| The task |
When you reproduce the listing below, keep every entry exactly as written.

| Material to process |
▼
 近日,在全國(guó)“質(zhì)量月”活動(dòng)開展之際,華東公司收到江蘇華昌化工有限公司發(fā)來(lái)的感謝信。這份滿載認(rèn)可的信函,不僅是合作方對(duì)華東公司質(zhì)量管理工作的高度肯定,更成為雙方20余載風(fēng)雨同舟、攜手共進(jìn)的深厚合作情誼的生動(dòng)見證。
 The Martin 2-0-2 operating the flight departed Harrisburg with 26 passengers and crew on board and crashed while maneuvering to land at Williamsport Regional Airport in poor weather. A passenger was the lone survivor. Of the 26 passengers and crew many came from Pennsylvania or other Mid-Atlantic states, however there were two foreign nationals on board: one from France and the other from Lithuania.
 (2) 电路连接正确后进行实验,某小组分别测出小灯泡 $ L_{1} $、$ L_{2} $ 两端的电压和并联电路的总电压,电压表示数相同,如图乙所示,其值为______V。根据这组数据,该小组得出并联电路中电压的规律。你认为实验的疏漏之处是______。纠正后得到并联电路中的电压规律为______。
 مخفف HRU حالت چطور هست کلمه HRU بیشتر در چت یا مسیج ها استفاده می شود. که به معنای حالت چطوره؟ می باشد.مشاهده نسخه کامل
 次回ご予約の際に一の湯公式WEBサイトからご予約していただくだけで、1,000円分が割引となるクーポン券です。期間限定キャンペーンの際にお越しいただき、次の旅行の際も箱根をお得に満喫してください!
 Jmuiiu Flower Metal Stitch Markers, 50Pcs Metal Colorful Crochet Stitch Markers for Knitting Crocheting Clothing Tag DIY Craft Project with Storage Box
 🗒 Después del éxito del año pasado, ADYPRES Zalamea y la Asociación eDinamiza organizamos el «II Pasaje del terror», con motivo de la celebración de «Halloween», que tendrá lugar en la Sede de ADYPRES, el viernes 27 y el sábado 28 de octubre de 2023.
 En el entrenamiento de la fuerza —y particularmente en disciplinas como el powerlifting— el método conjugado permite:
▲
| Solution to the problem |
 近日,在全國(guó)“質(zhì)量月”活動(dòng)開展之際,華東公司收到江蘇華昌化工有限公司發(fā)來(lái)的感謝信。這份滿載認(rèn)可的信函,不僅是合作方對(duì)華東公司質(zhì)量管理工作的高度肯定,更成為雙方20余載風(fēng)雨同舟、攜手共進(jìn)的深厚合作情誼的生動(dòng)見證。
 The Martin 2-0-2 operating the flight departed Harrisburg with 26 passengers and crew on board and crashed while maneuvering to land at Williamsport Regional Airport in poor weather. A passenger was the lone survivor. Of the 26 passengers and crew many came from Pennsylvania or other Mid-Atlantic states, however there were two foreign nationals on board: one from France and the other from Lithuania.
 (2) 电路连接正确后进行实验,某小组分别测出小灯泡 $ L_{1} $、$ L_{2} $ 两端的电压和并联电路的总电压,电压表示数相同,如图乙所示,其值为______V。根据这组数据,该小组得出并联电路中电压的规律。你认为实验的疏漏之处是______。纠正后得到并联电路中的电压规律为______。
 مخفف HRU حالت چطور هست کلمه HRU بیشتر در چت یا مسیج ها استفاده می شود. که به معنای حالت چطوره؟ می باشد.مشاهده نسخه کامل
 次回ご予約の際に一の湯公式WEBサイトからご予約していただくだけで、1,000円分が割引となるクーポン券です。期間限定キャンペーンの際にお越しいただき、次の旅行の際も箱根をお得に満喫してください!
 Jmuiiu Flower Metal Stitch Markers, 50Pcs Metal Colorful Crochet Stitch Markers for Knitting Crocheting Clothing Tag DIY Craft Project with Storage Box
 🗒 Después del éxito del año pasado, ADYPRES Zalamea y la Asociación eDinamiza organizamos el «II Pasaje del terror», con motivo de la celebración de «Halloween», que tendrá lugar en la Sede de ADYPRES, el viernes 27 y el sábado 28 de octubre de 2023.
 En el entrenamiento de la fuerza —y particularmente en disciplinas como el powerlifting— el método conjugado permite:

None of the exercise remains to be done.